Глубокая печаль отразилась в ясно голубых глазах. Сидя напротив него на больничной койке, Стефани чувствовала его невидимую боль. Она не двигалась, не задавала вопросов, а просто слушала откровение его души.
– Чтобы не выдать родителям наш маленький сговор. Я переплетал ей прическу после тренировок. Волосы у неё были очень длинные, как у тебя. Ну я и научился…

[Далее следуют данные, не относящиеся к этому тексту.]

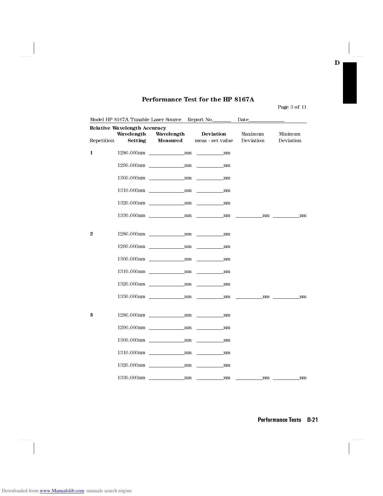 Model HP 8167A Tunable Laser Source Report No. Date
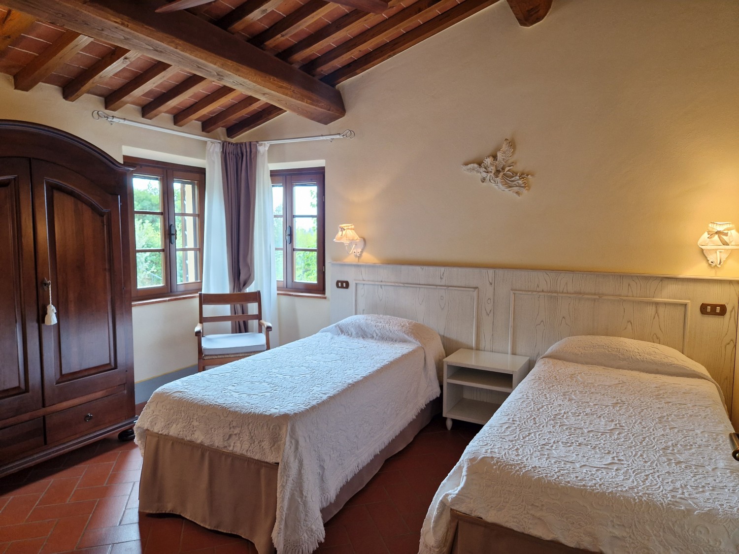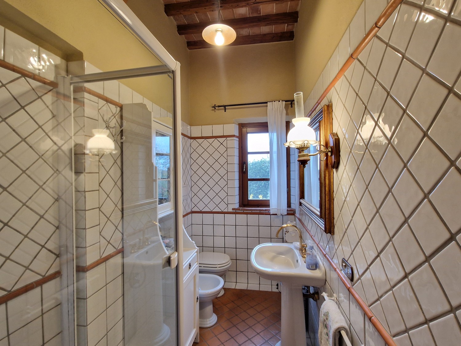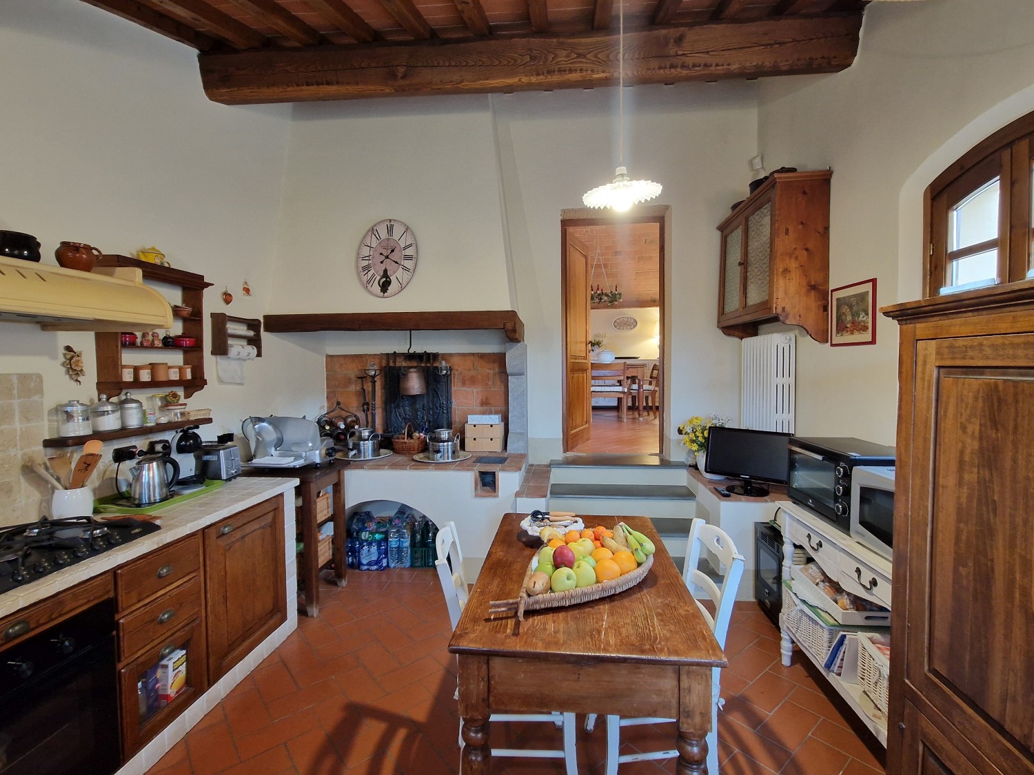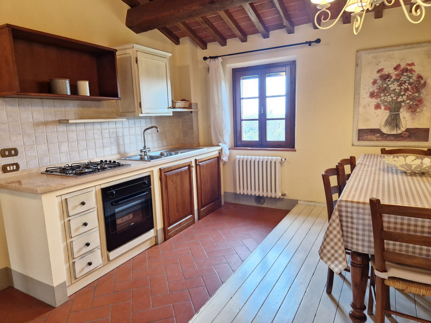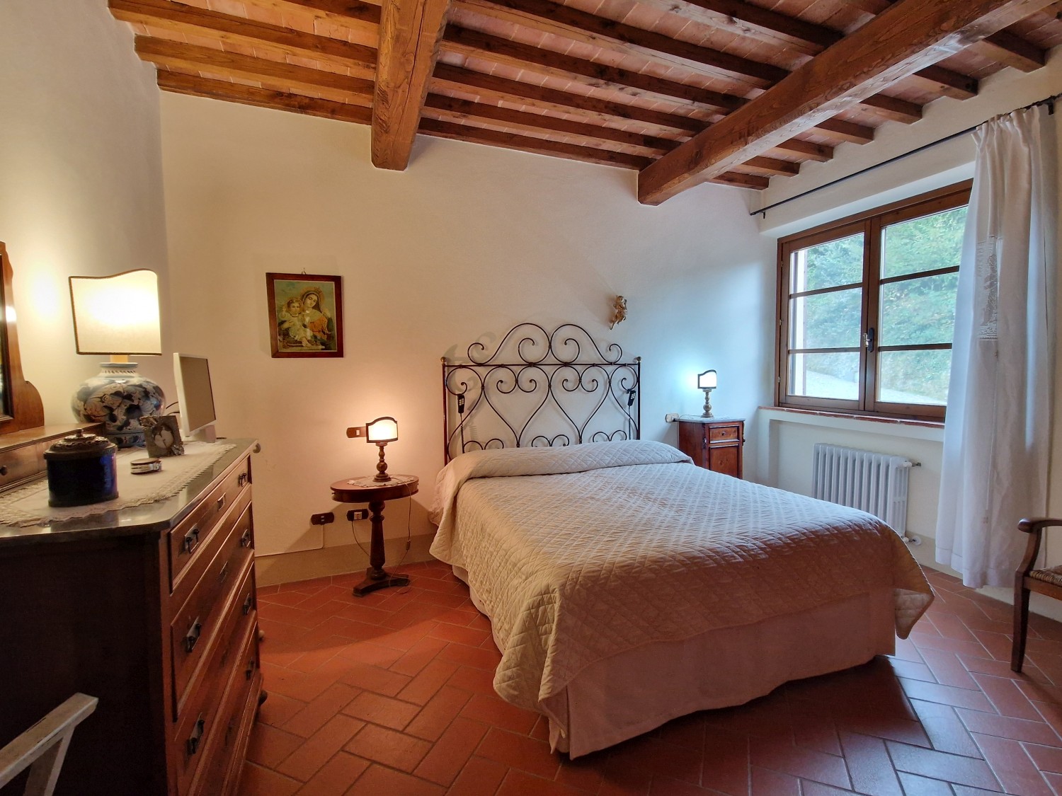 Das Obergeschoss besteht aus: einem großen Wohnbereich mit Kamin und Küchen-/Essbereich, 4 Schlafzimmern und 3 Badezimmern, mit Decken aus Kastanienholzbalken und -sparren und toskanischen Ziegeln sowie Terrakottaböden. Das Obergeschoss wird an Touristen durchschnittlich etwa 15 Wochen von Mai bis September über eine sehr gute einheimische Agentur vermietet. Das kann ausgebaut werden.

Девушка невольно вздрогнула от очередного сравнения. Это уже второе за разговор и то, что она ощущала схожесть с умершей, пугало.
– Наш герцог… Ах да, не помню, говорил ли я тебе. Наверно, нет. Я родом из Аквитании – самой северной провинции, бывшей когда-то независимым Королевством. Хотя я думаю, ты знаешь об этом.
Стефани приоткрыла рот.
– Так ты получается…
– Да. Мой род по отцу восходит к аквитанским герцогам. Когда северное королевство пало, всех аристократов лишили титулов, а наместником назначили брата короля Луарии – месье де Рогана, ставшего герцогом Аквитанским.
– В тебе течет кровь короля Аквитании.
– Короля сгинувшего королевства, – он пожал плечами. – Стефани, не важно насколько голубая у меня кровь. Важно, что у других вместо крови свиные помои.
Девушка тяжко сглотнула. Не согласиться с ним она не могла.
– Так вот. Правнук того самого герцога повадился в мой родной город ездить. Не знаю, какие у него были дела. Помню, что он всегда был в сопровождении своей свиты: виконта де Витрака и двух чьих-то бастардов, – Эдриан стиснул простынь от накатившей злобы. – Жан Луи де Роган заприметил мою сестру, когда она пошла к цветочнице. Осыпал комплиментами, пригласил составить ему компанию на охоте. Она отказалась. С тех пор он стал преследовать её. Но каждый раз с ней был либо отец, либо я. Мы чувствовали неладное, но…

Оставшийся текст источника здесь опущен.